DATA LISTING
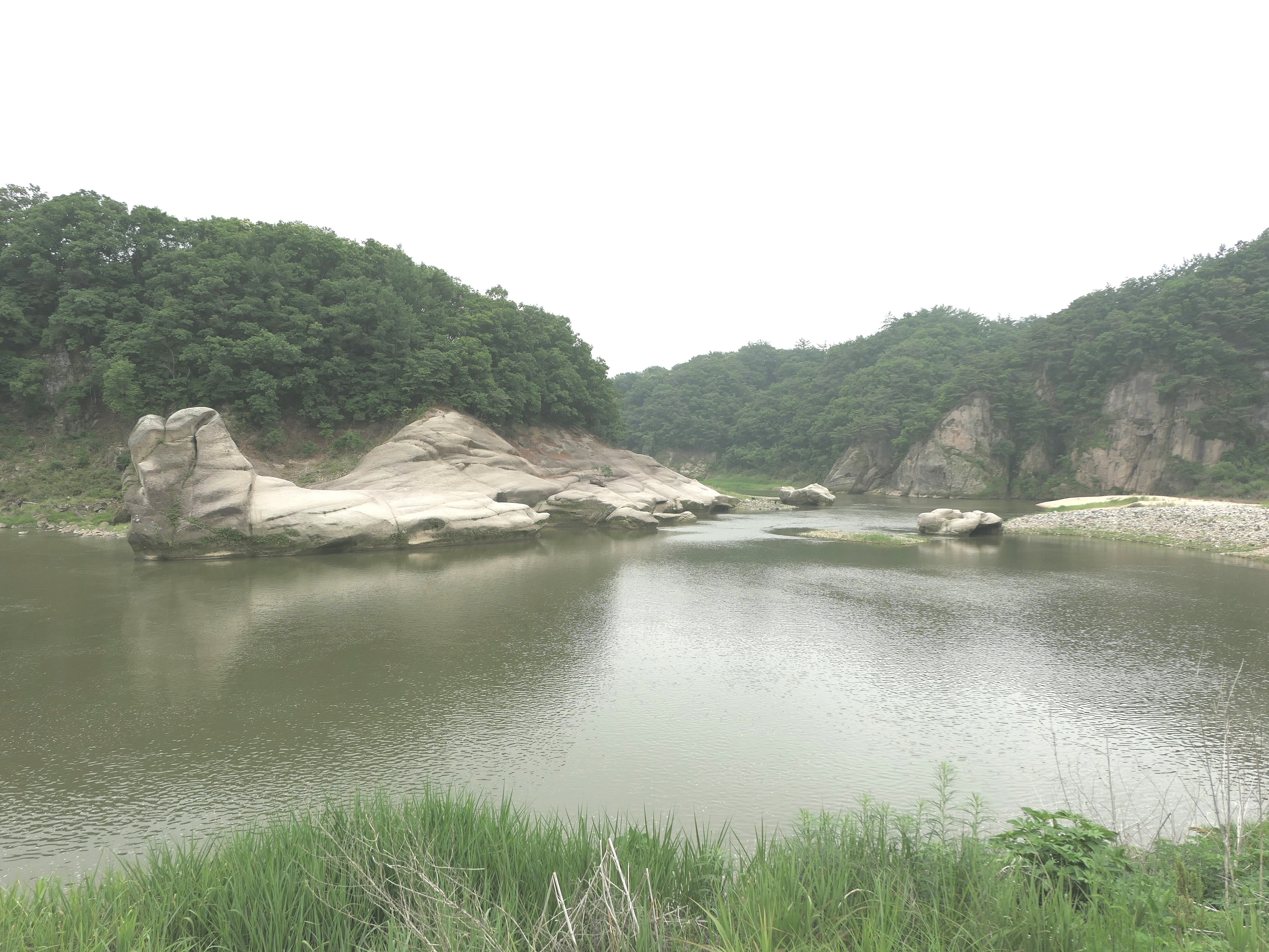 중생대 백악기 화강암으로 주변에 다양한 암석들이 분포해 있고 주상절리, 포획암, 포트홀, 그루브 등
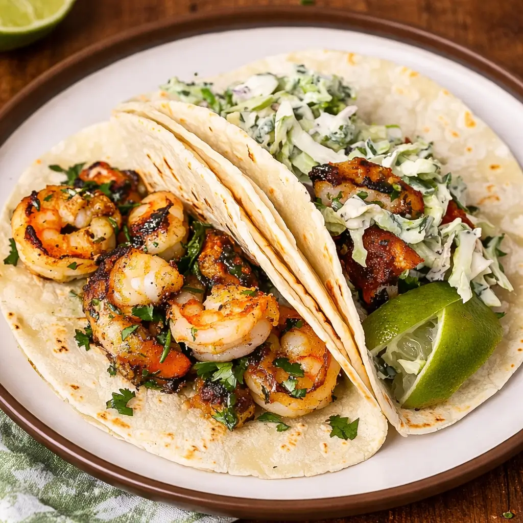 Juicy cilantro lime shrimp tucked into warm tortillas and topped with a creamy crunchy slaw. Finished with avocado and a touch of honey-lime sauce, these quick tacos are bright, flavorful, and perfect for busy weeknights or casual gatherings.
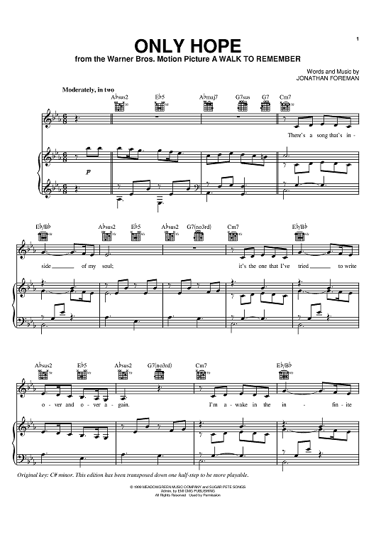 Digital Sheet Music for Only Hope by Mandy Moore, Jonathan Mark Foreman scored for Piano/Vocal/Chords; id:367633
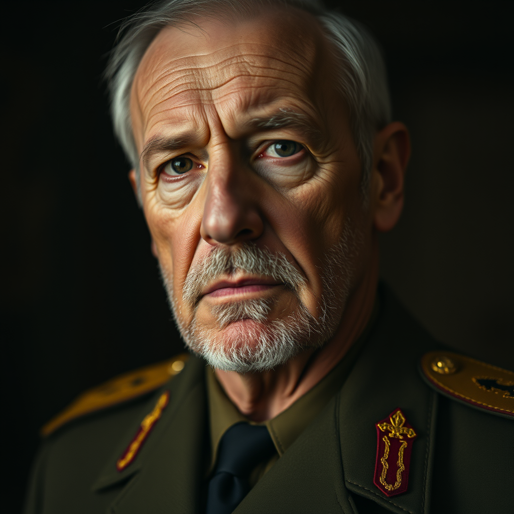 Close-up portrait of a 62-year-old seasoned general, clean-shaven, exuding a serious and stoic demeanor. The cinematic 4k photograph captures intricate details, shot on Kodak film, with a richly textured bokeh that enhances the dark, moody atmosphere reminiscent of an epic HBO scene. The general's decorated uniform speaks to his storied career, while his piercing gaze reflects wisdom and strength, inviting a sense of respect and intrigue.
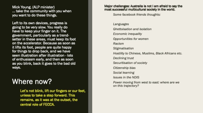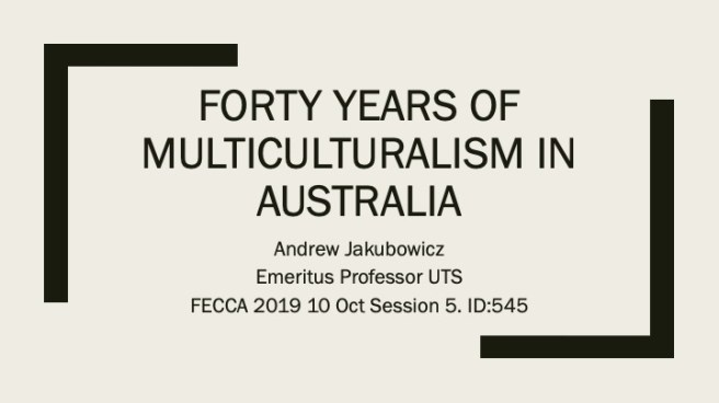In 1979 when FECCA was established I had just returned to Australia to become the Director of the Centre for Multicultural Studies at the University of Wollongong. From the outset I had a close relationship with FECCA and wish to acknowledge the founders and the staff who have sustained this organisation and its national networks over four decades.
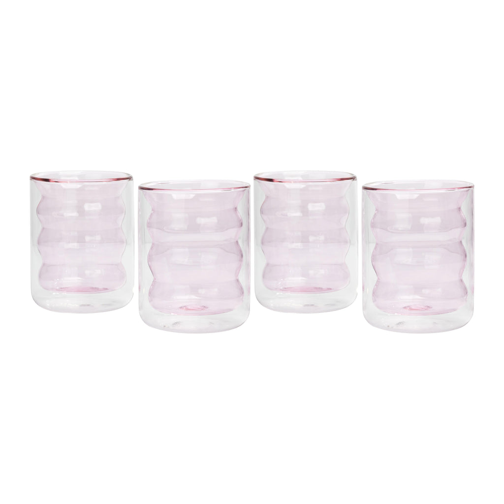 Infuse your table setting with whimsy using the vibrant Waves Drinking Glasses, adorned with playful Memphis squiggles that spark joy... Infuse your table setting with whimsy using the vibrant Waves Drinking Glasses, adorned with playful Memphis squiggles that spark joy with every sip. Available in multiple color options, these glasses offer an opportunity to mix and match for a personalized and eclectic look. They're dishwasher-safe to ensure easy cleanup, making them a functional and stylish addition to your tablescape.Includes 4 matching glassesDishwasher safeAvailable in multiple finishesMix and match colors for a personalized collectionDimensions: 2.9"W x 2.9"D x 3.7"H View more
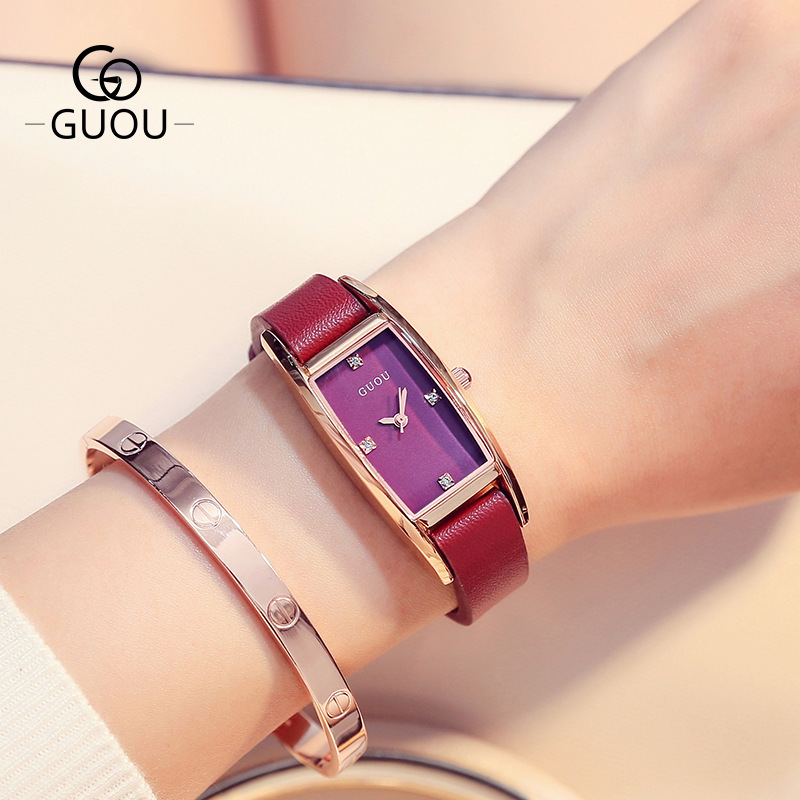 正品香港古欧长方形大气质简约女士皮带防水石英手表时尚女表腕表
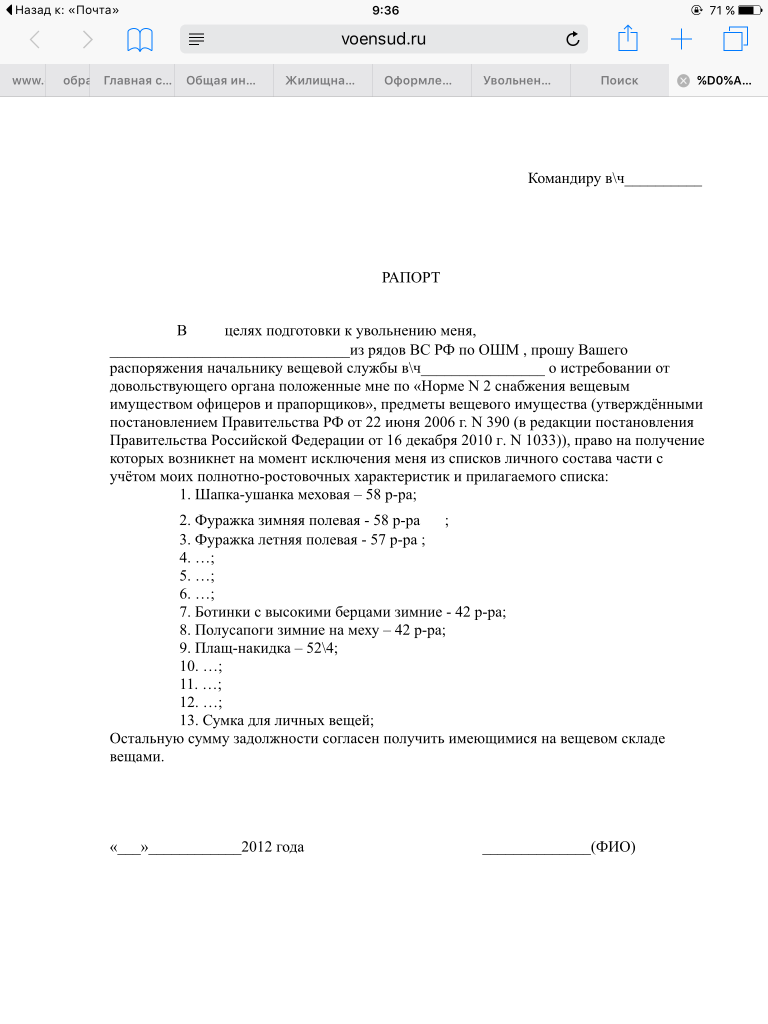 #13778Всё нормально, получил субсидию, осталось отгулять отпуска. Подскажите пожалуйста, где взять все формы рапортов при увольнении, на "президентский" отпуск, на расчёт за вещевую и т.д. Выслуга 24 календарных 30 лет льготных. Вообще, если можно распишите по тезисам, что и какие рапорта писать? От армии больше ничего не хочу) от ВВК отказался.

WHAT TO WORK ON
Once the line with "Digital Sheet Music" has been found above, output that line and every later line exactly, stopping after the line with "Close-up portrait of", and omit the pictures.

WRITTEN ANSWER
 Digital Sheet Music for Only Hope by Mandy Moore, Jonathan Mark Foreman scored for Piano/Vocal/Chords; id:367633
 Close-up portrait of a 62-year-old seasoned general, clean-shaven, exuding a serious and stoic demeanor. The cinematic 4k photograph captures intricate details, shot on Kodak film, with a richly textured bokeh that enhances the dark, moody atmosphere reminiscent of an epic HBO scene. The general's decorated uniform speaks to his storied career, while his piercing gaze reflects wisdom and strength, inviting a sense of respect and intrigue.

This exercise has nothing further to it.